L’intérêt de Parrino, artiste de la destruction, pour Warhol témoigne de la richesse de cette
ambiguïté. L'exposition qu'il organise en 1999 au Consortium de Dijon, « Bastard Kids of
Drella », s’inspire ainsi du surnom que Warhol s’était donné, "Drella", contraction de
"Cinderella" (Cendrillon) et "Dracula", deux êtres en lesquels Warhol se retrouvait.
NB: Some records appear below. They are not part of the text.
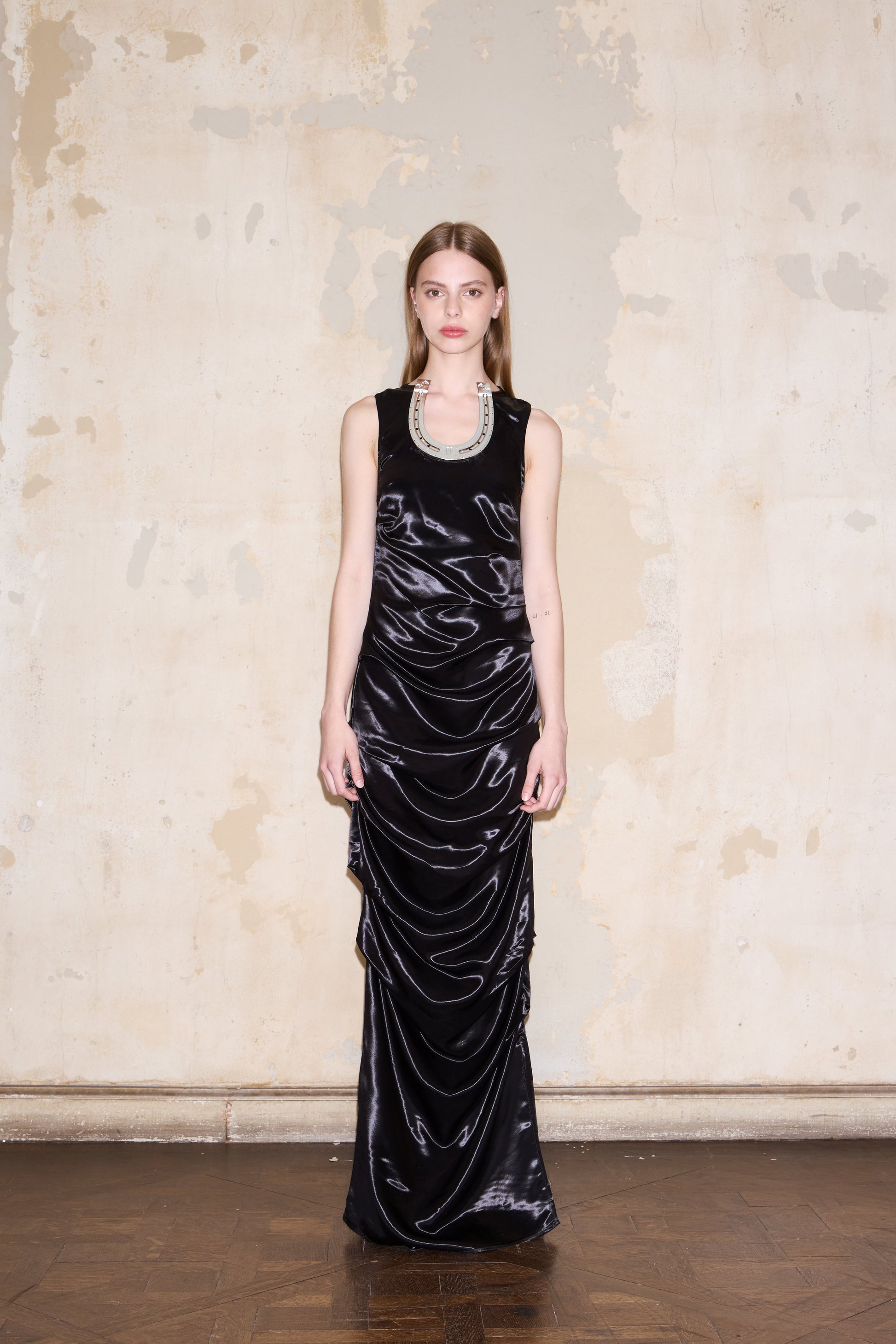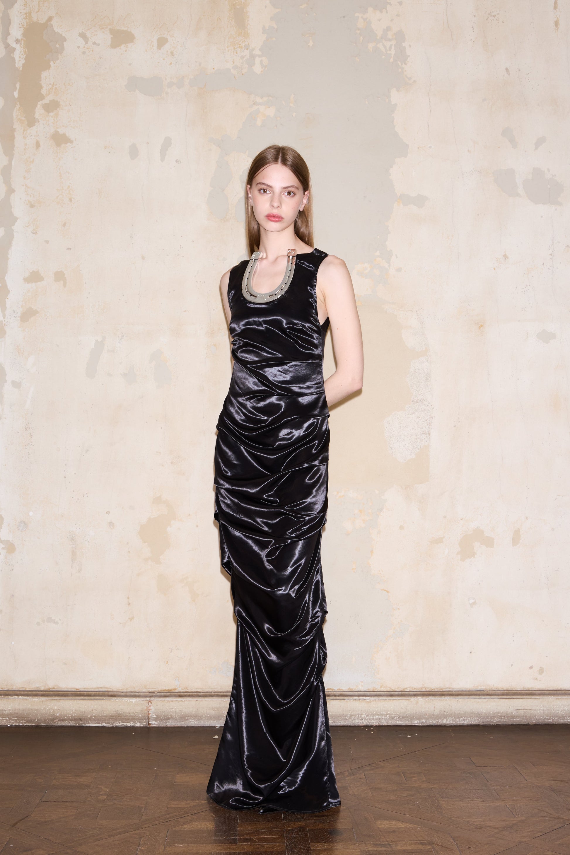 Sleeveless evening dress crafted from italian silk. The neckline features the distinctive ESQUINA horseshoe. Open back closes with intersecting straps. The draped construction creates fluid movement and refined proportions.
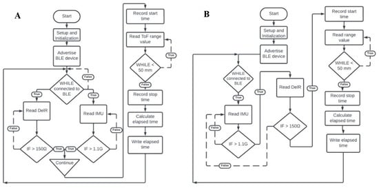 Figure 4B, once a connection is initiated by a central BLE device, the Arduino board begins reading accelerometry data from the board’s IMU. If movement greater than 1.1 g-force units (g) in any direction is detected, then the DelR Flex Sensor is read to confirm donning of the device due to stretching in excess of 10% strain. If a resistance change of 150 Ω or greater is detected then the start time is recorded. In both algorithms, after the start time is recorded, the ToF sensor begins continuously reading range values. It continues to read range values until a range value of 50 mm or above is reached, indicating that the device has been removed from the head. The threshold of 50 mm was determined based on experimental use and ensures that the loop only breaks when the device is removed from the head and not when it is adjusted for fit or position. Once this threshold is reached, the device stops reading range values and records the stop time. The elapsed time is then calculated by subtracting the start time from the end time, and then the elapsed time (in milliseconds) is written to the connected central BLE device. This process can repeat as many times as a large movement is detected while still connected to the central BLE device, ensuring that if multiple sessions occur in sequence, they will all be detected separately and accurately.
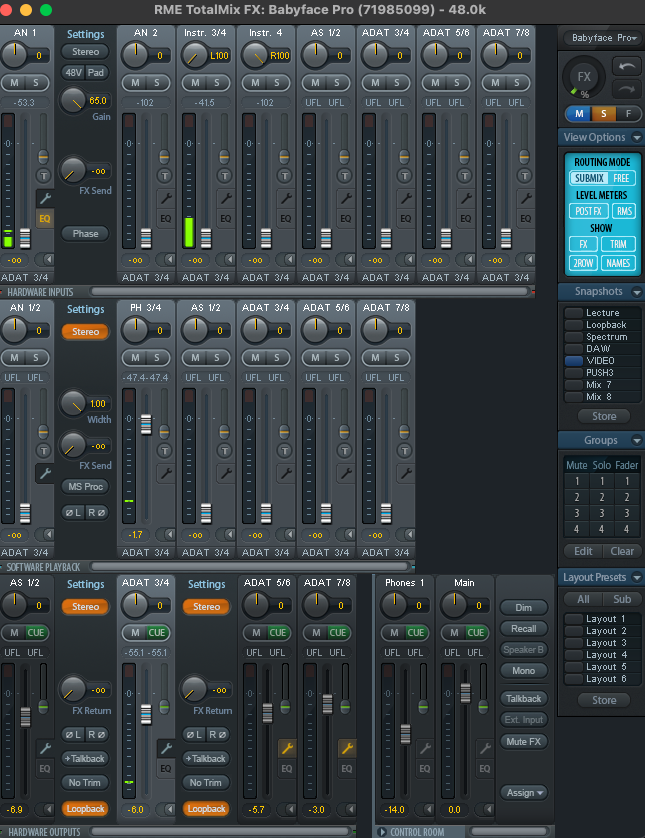 実はブログを更新していない期間、Apolloも使っていたのですがTotal Mixが使えることが重要だとわかったので手放しました。次もRME買いますね。

Gallien
Dejean, dans un texte intitulé Aluminium Clouds (CRASH), for Drella... explique : « Steven
Parrino exécute entre 1984 et 1988 une pièce sans titre composée de trois feuilles
blanches. (...) Sur la première, dont le centre a été consumé, une phrase est inscrite :
"Andy Warhol Frankenstein". (...) La seconde porte l'inscription "Andy Warhol's Dracula" et
la troisième "Andy Warhol's Bad". Dracula, parce que Warhol vide le monochrome de son
essence. Frankenstein, parce qu'il s'approprie les éléments de la culture, savants ou
populaires, et les rapièce les uns avec les autres. La dernière affirmation ("Andy Warhol's
Bad") est constitutive de l'ambiguïté qui réside dans son œuvre". La série Death in
America, monochromes réalisés en peinture aluminium sur toile reprend également le nom
de la première exposition personnelle de Warhol en Europe, en 1964, à la Galerie
Sonnabend de Paris, faite de carcasses de voitures sérigraphiées. Les monochromes de
Parrino montrent l'influence de l'univers urbain (New York) et métallique (moto) dans
lequel il vit. Leur surface parfois froissée peut évoquer un accident de la route. Quant à
Electrophilia, le nom du groupe de Steven Parrino, il se relie directement à la série des
Electric Chairs de Warhol présentées dans la partie historique de la Marque Noire. Toutes
séries d’œuvres qui font penser que Warhol était au moins aussi hanté par la mort que par
le glamour.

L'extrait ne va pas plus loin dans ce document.